Rutherford County School District
The Rutherford County School District is a large district, with 46 schools, 42,600 students and more than 5,000 employees. Each personnel file contains 25 to more than 400 documents, and each must be maintained for the working life of the employee and be available for review upon request. The accumulated paperwork, though purged regularly, filled three large rooms.
While staff had talked about going paperless for several years, space became so short this year that they knew they had to do something. “We’ve experienced tremendous growth since our district office opened,” Duke says. Freeing up space became a priority.
Human Resources Analyst Leslie Duke says she had two questions when the Rutherford County, Tennessee, School District began seriously considering a paper-free filing and archiving system.
“How are we going to convert our old files to digital form?” she asked, and “How are we going to move forward in a paperless way, given that many of our personnel forms must be signed by hand?”
The answer, now fully and successfully implemented, was based on a remarkable desktop document scanner, the Epson DS-860. The main benefits of the change have come from improvements in productivity. “We were spending a tremendous amount of time creating new files, organizing them, finding documents, and pulling files when someone would leave,” Duke explains. Each summer, for example, the district hires 300–400 new teachers plus 150 support staff, generating thousands of pages of documents. While Duke doesn’t know exactly how much time her office has saved, studies have shown that, in most organizations, it takes from four to five minutes to locate and retrieve a single piece of paper. Today, she says, it takes less than a minute to scan, index and electronically file a new document. Locating a document, once it’s in the system, takes about 15 seconds.
“Then too, there are lots of human errors when you have this volume of paper,” she adds. “I’m not aware of ever losing a file, but if a file becomes misplaced, a search can waste a lot of time.”
Last year, the district purchased a turn-key system with four Epson scanners, a local server, and third party scanning software and off-site backups. They also purchased a similar system with five more Epson scanners in the English as a Second Language department, which has started its own move to paperless.
A 3 1/2-Month Project Duke says the original plan was for HR to begin using the system for all new records, but then take about a year to scan the existing paper files. In that way they could leverage the time saved not filing new paper documents to scan the old. “It went so well,” she recalls, “that we decided to power straight through it, and we were able to finish in about three and a half months.” That meant scanning about 70 employee files each day, a total possible only with an extremely fast and reliable scanner.
“I was amazed at the volume these scanners can do each day.” – Leslie Duke, Human Resources Analyst
“I was amazed at the volume these scanners can do each day,” Duke recalls. Four HR people have scanners on their desks, and when they had some free time, they would retrieve an employee file, remove any staples, then place the stack of paper on the automatic feeder. The Epson DS-860 scans both sides of each page at once, creating a full-color image file in PDF format plus an attached text file, optically reading not only printed characters but hand-printed fields as well.

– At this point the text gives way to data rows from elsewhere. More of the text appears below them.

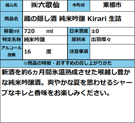 【6月3日発売】蔵の隠し酒 純米吟醸 Kirari(きらり)生詰 720ml 販売価格 2,182円(税込み) 会員価格 (税込み) 通常価格 (税込み) 在庫 商品コード 421509 JANコード 数量 - + カートに入れる カテゴリー 清酒 メーカー ㈱六歌仙 キャンペーン 夏酒 2026| おすすめ商品 RECOMMENDEDおすすめアイテム 【六歌仙】蔵の隠し酒 純米吟醸ぎゅるり生酒 720ml 2,182円(税込み) 【六歌仙】感謝ラベル 純米大吟醸 720ml 4,253円(税込み) 六歌仙 辛口 720ml 1,111円(税込み) 山形酒通のおすすめ 夏酒 2026 ★イチオシ商品 数量限定商品 お中元-感謝の気持ちを- イタリアワイン おすすめ商品 居酒屋気分ワンカップ パインサイダー 【第30回】山形の地酒 生酒頒布会 産直 厳選グルメ特集 【SALE】訳アリ商品 飲料 雑貨 【新酒】しぼりたて お歳暮-感謝の気持ちを- ご注文方法 送料・配送について お支払い方法 返金について 特定商取引に基づく表記 お問い合わせ 運営会社のご紹介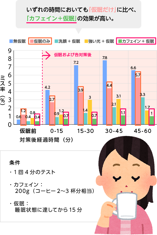 胃の中に入っている状況ではカフェインは作用しないので、カフェインが体の中に吸収され、それが効きはじめる時間をちょうど昼寝から目覚めたい時間に合わせるのがポイントです。 - 編集部: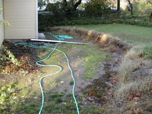 Here are a few more pictures of the results of the grading. That curve in front of the house is picked up again on the other side of the ex-driveway, leaving the old garage slab as a nicely located little patio.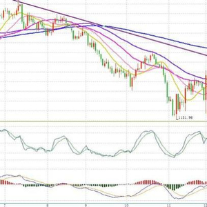 日线图上,现货黄金上上周五收涨13.80美元,录得大阳线。黄金收复多条均线(13,21,34,55),收于55日均线上方,持稳于2012年以来下行趋势的上方。指标上看,MACD红色动能柱与前一交易日持平,双线于零轴上方金叉向上;KD指标双线金叉延伸向上;RSI录得21.79,拐头向下。
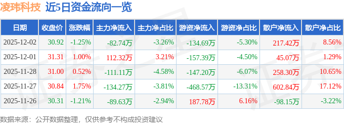 证券之星消息,截至2025年12月2日收盘,凌玮科技(301373)报收于30.92元,下跌1.25%,换手率2.13%,成交量8205.0手,成交额2539.05万元。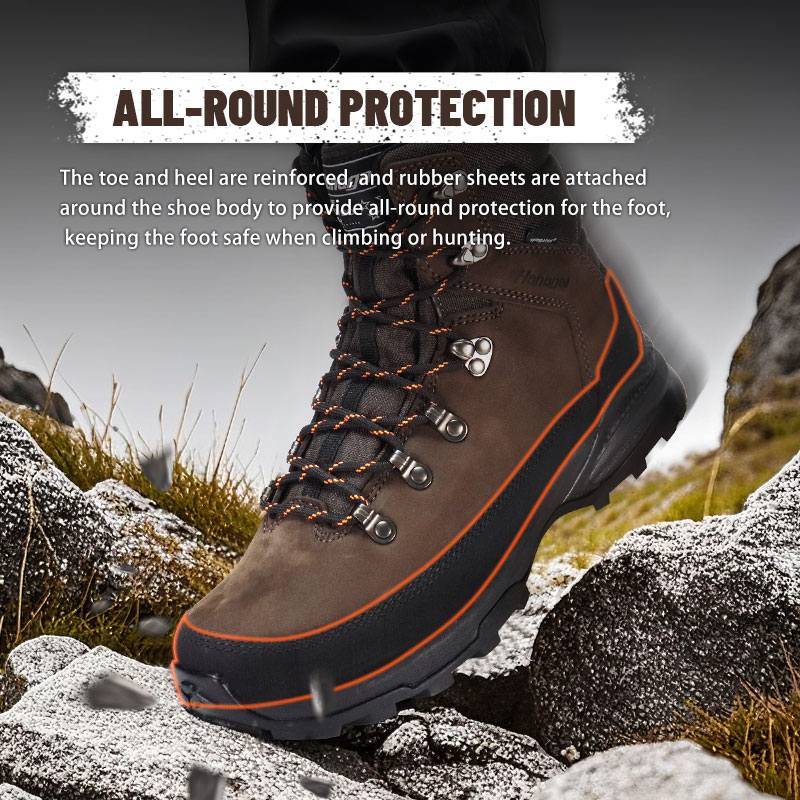 Prsti in peta so ojačani, gumijaste plošče pa so pritrjene okoli telesa čevlja, da zagotovijo vsestransko zaščito stopala in ohranjajo stopalo varno med plezanjem ali lovom.

The third party scanning software automatically titles each scanned document with the headline it finds on the first page, and it converts other headlines into metadata for faster searches. That said, if the user does not find the document needed from a headline/metadata search, he or she can search for any word or phrase found in the body of the document.
The most remarkable part of the conversion process is that the Epson-based system scans, optically reads, saves and indexes a stack of documents at 65 pages per minute. At the end of the scan, the user can manipulate the PDF file it produces, splitting it into single pages or storing it as one packet.
Duke says if the scanner detects a problem, it simply stops and waits for the user to make an adjustment. “It’s a really simple mechanism, and it’s very easy to troubleshoot,” she explains. “Sometimes with an older document, two or three pages would stick together. When that happens, you just open it up, pull out the paper and re-feed it.”
While the scanner reads both sides of the document if running in duplex mode, it is smart enough to delete any blank pages before transferring the file to the third party scanning software. “If someone marks up a document with a yellow highlighter, it will pick that up, along with any handwritten notes in the margins,” she says. At the end of the process, it gives the operator a count of the pages scanned, so she can double check if anything was skipped, but none were found in almost 500,000 pages.
Maintenance, Duke says, is quick and easy. “Some of our files were very old, so periodically we would blow compressed air into the scanners to get the dust off the rollers.”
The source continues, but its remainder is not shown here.